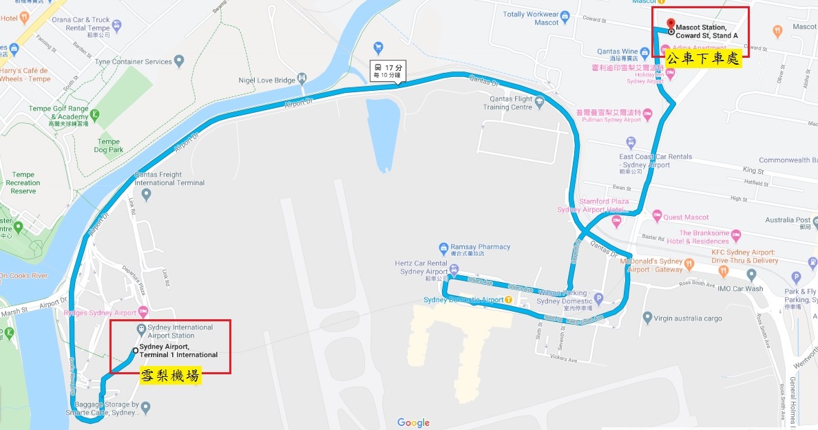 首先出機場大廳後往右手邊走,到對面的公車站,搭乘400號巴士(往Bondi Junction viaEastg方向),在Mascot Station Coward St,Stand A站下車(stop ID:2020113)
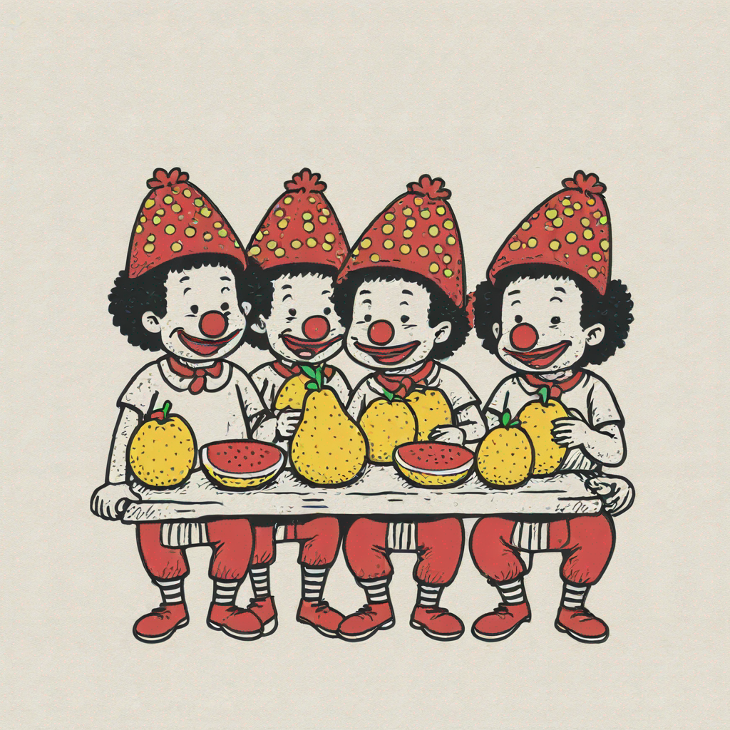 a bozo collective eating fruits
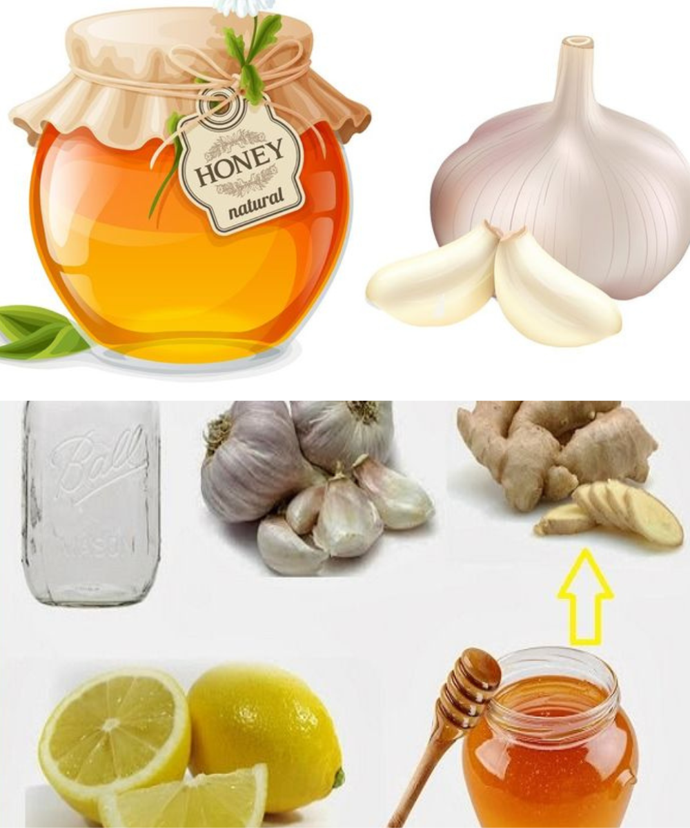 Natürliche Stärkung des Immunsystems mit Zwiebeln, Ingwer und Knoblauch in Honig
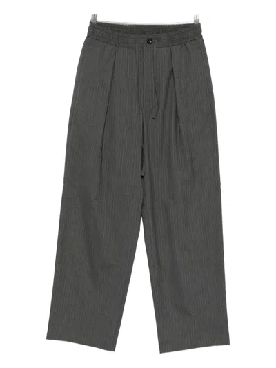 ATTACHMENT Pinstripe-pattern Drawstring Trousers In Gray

Required action -
Take the line that holds "a bozo collective eating fruits" as the start and the last line of the data as the end. Copy only those lines exactly, both ends included, except the pictures.

Response area -
 a bozo collective eating fruits
 Natürliche Stärkung des Immunsystems mit Zwiebeln, Ingwer und Knoblauch in Honig
 ATTACHMENT Pinstripe-pattern Drawstring Trousers In Gray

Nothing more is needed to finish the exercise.